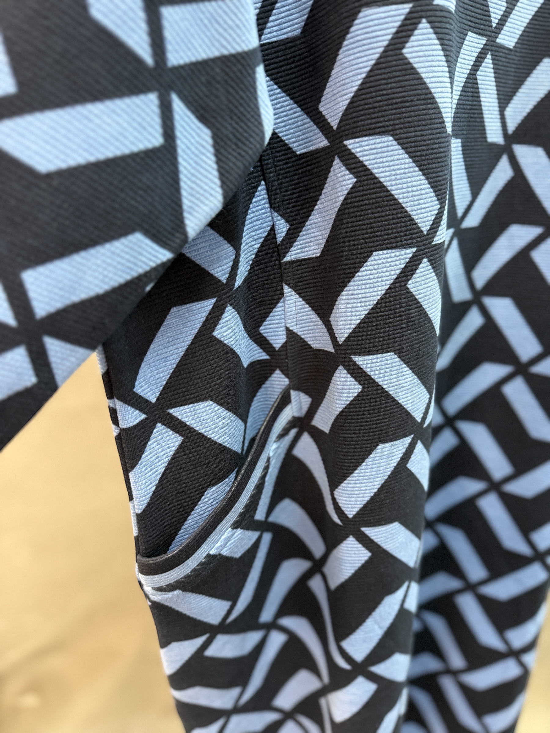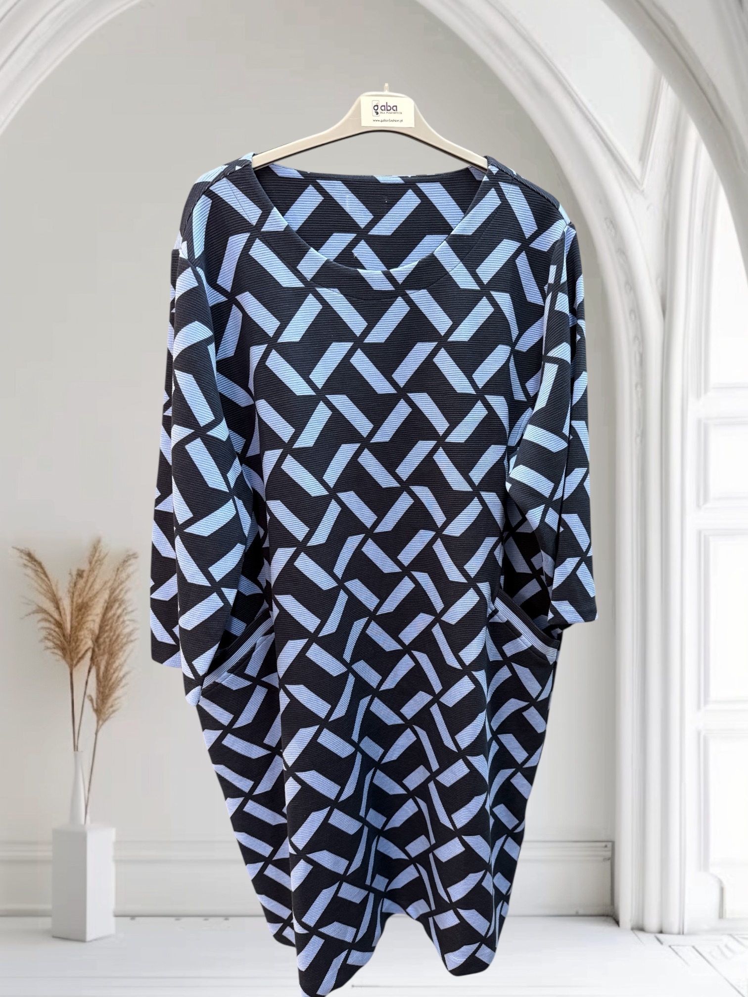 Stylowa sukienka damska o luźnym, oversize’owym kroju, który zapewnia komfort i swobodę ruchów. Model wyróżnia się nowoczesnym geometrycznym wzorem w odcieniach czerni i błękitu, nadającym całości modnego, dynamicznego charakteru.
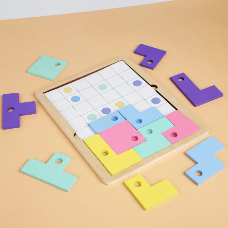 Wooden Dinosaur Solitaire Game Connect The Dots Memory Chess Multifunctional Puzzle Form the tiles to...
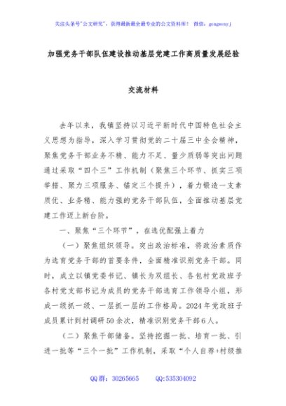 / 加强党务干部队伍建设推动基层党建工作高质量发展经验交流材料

● ● ●

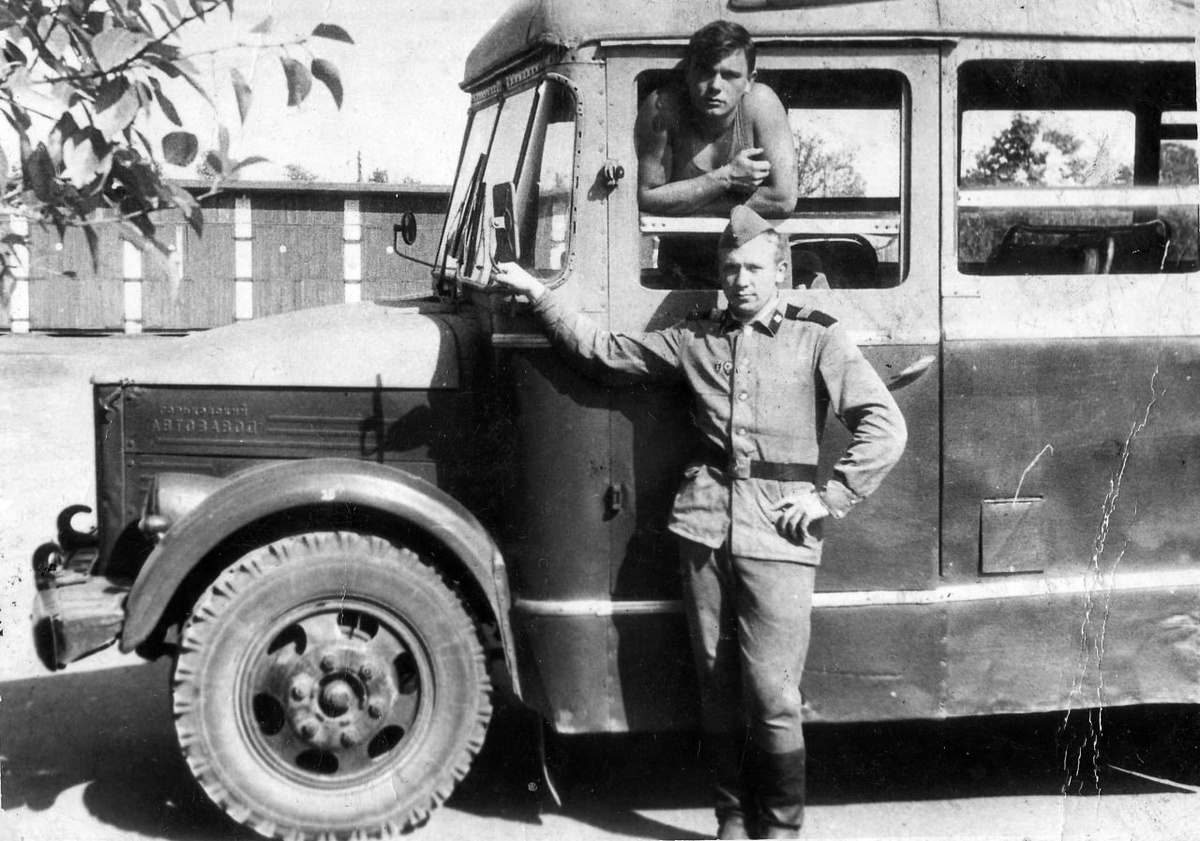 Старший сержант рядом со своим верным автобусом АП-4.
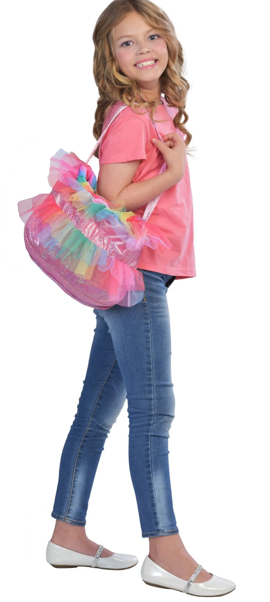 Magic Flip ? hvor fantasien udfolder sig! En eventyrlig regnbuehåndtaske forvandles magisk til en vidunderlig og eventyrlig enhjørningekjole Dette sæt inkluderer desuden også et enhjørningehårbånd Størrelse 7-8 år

● ● ●

## What you are asked to do:
Beginning with the line that contains "Старший сержант рядом", write out the lines of the material above exactly, and end with the line that contains "Magic Flip ?". Omit the pictures.

## Answer:
 Старший сержант рядом со своим верным автобусом АП-4.
 Magic Flip ? hvor fantasien udfolder sig! En eventyrlig regnbuehåndtaske forvandles magisk til en vidunderlig og eventyrlig enhjørningekjole Dette sæt inkluderer desuden også et enhjørningehårbånd Størrelse 7-8 år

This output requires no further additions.